How do we conclude that the relation is equal to $1$ ?

Question

We have a curve of the form $$s^2-\alpha t^2=1 \tag 1$$ (in $ts$-coordinates).

If $(a,b)$ and $(c,d)$ are points of $(1)$, then $(ac+\alpha cd, ad+bc)$ is point of $(1)$.

$(a,b)$ is a point of $(1)$ $\Rightarrow a^2-\alpha b^2=1$

$(c,d)$ is a point of $(1)$ $\Rightarrow c^2-\alpha d^2=1$

So that $(ac+\alpha cd, ad+bc)$ is apoint of $(1)$ it must be $(ac+\alpha cd)^2-\alpha (ad+bc)^2=1$.

$(ac+\alpha cd)^2-\alpha (ad+bc)^2=a^2c^2+\alpha^2c^2d^2+2ac^2d\alpha-\alpha a^2d^2-\alpha b^2c^2-2\alpha a bcd$

But how is this equal to $1$ ?

$$$$

We define the additive law $+$ on $(1)$ by $$(a,b)+(c,d)=(ac+\alpha bd, ad+bc)$$ We observe that $$-(a,b)=(a,-b)$$ and the identity is $(1,0)$.

How have we concluded that $-(a,b)=(a,-b)$ ?

Answer 1

Since $a^2-\alpha b^2=1$ and $c^2-\alpha d^2=1$, by multiplication we have $$a^2c^2+\alpha^2 b^2d^2 -\alpha(a^2d^2+b^2c^2)=1.\tag{1}$$

Now compare with $(ac+\alpha bd)^2 -\alpha(ad+bc)^2$. The "middle" terms cancel, and we get the right-hand side of (1).

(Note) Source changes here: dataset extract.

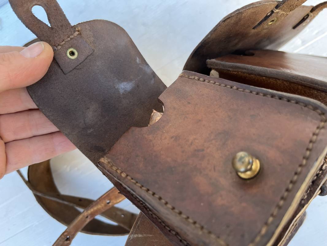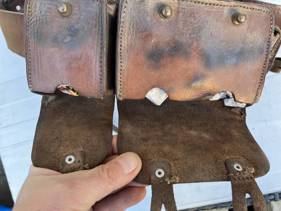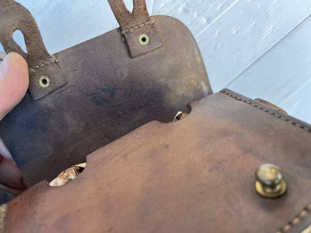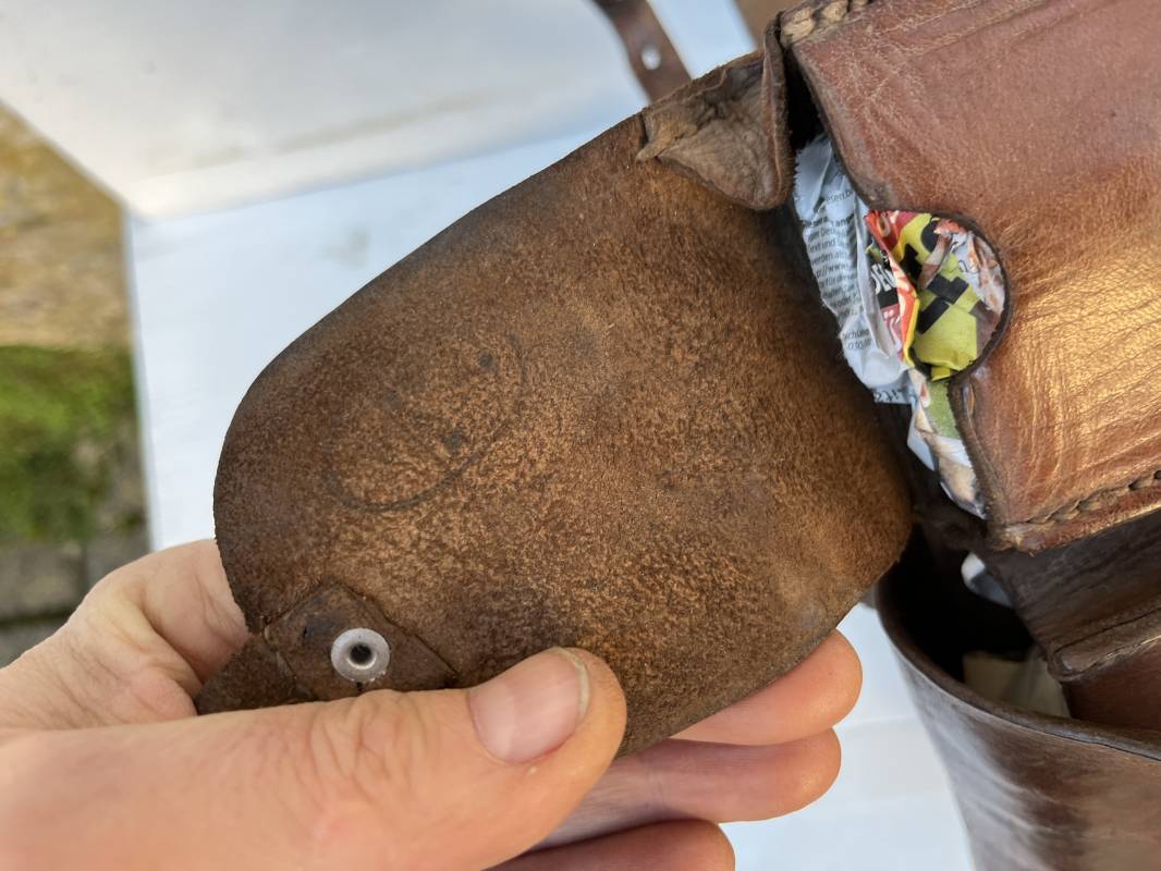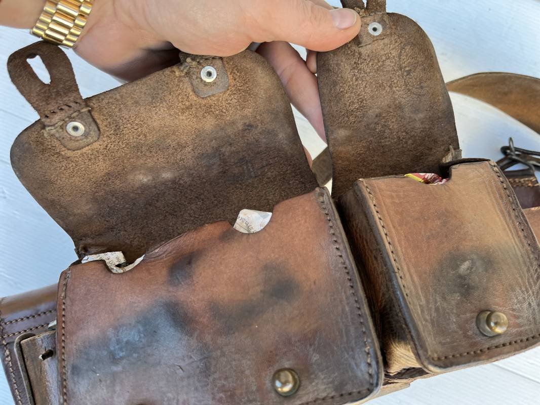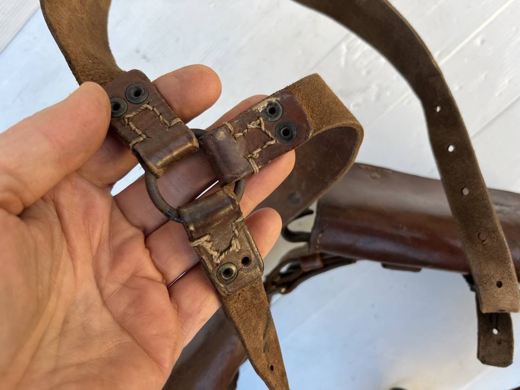 Beau brelage modèle 1938 en cuir marron . Paire de cartouchières modèle 1938 marquages encre sous les rabats mais illisibles . Passants cuir de ceinturon. Anneaux et crochets de fixation des équipements. Ceinturon troupe modèle 1903/14 en cuir marron . Boucle en laiton à deux ardillons. Passant cuir fixe, longueur 115cm . Triangle dorsal modèle 1935 avec anneaux et crochets métalliques. Bretelles de suspension modèle 1893/15 en cuir marron . Rivets métalliques creux et cousus , anneau en fer. Tampon rond de fabricant et gros chiffres matricule a l encre . Neuf trous, crochet fer de suspension, cuir souple. Brelage porté en bel état . Patine et couleur de cuir homogène 1938/40. Bel équipement de combat pour Fantassin Français en 1939/40 . Ref 19917
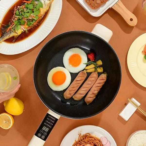 Met deze elektrische koekenpan kun je volledige maaltijden bereiden zonder dat je een fornuis nodig hebt, ideaal voor elke ruimte.

As to $-(a,b)=(a,-b)$, calculate $(a,b)+(a,-b)$ using the addition formula. You will get $(1,0)$.

Answer 2

Is it not $(ac+\alpha bd, ad+bc)$ a point of $(1)$?

Then you can show it by simple computation:

\begin{align*} &(ac+\alpha bd)^2-\alpha (ad+bc)^2=a^2c^2+2\alpha abcd +\alpha^2b^2d^2-\alpha a^2d^2-2\alpha abcd -\alpha b^2c^2\\& = a^2(c^2-\alpha d^2) -\alpha b^2 ( c^2-\alpha d^2)=1 \end{align*} by the two rules.

The second part $-(a,b)=(a,-b)$ can be proved by adding $(a,b)+(a,-b)$ by the given rule to get $(0,0)$.

Similarly you can show they are equal to $(1,0)$.